§ **MATERIAL SUPPLIED**
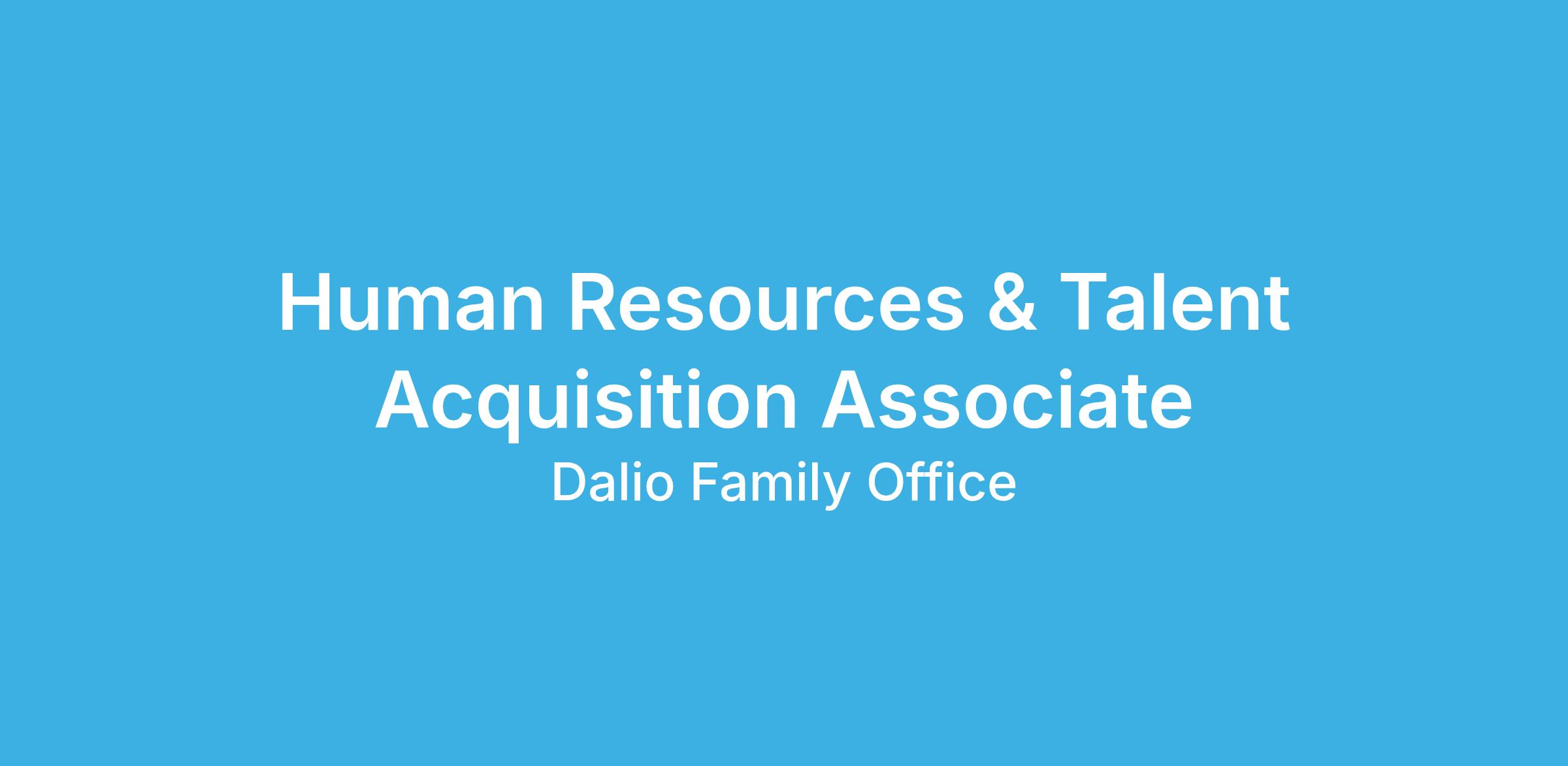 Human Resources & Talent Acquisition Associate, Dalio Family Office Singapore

* * *

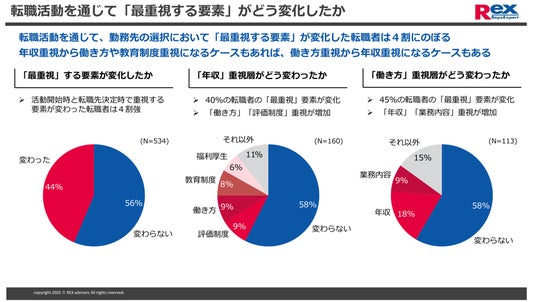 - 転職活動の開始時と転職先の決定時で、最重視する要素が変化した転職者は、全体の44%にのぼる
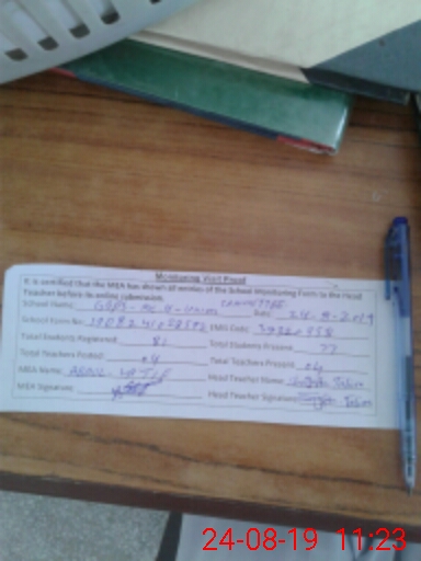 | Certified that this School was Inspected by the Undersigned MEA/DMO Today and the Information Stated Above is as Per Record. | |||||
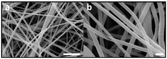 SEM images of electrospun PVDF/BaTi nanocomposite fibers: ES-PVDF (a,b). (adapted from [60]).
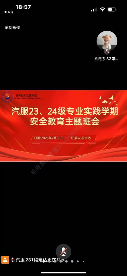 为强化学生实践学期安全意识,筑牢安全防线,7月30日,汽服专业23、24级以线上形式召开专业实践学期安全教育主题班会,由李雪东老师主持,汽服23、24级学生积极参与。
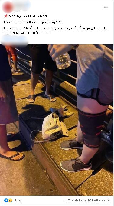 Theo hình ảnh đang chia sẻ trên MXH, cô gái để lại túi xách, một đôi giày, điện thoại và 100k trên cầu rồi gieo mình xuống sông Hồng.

§ **WHAT TO DO**
In the data above, start at the line holding "SEM images of" and stop after the line holding "Theo hình ảnh"; write out those lines exactly, without pictures.

§ **RESPONSE TO THIS TASK**
 SEM images of electrospun PVDF/BaTi nanocomposite fibers: ES-PVDF (a,b). (adapted from [60]).
 为强化学生实践学期安全意识,筑牢安全防线,7月30日,汽服专业23、24级以线上形式召开专业实践学期安全教育主题班会,由李雪东老师主持,汽服23、24级学生积极参与。
 Theo hình ảnh đang chia sẻ trên MXH, cô gái để lại túi xách, một đôi giày, điện thoại và 100k trên cầu rồi gieo mình xuống sông Hồng.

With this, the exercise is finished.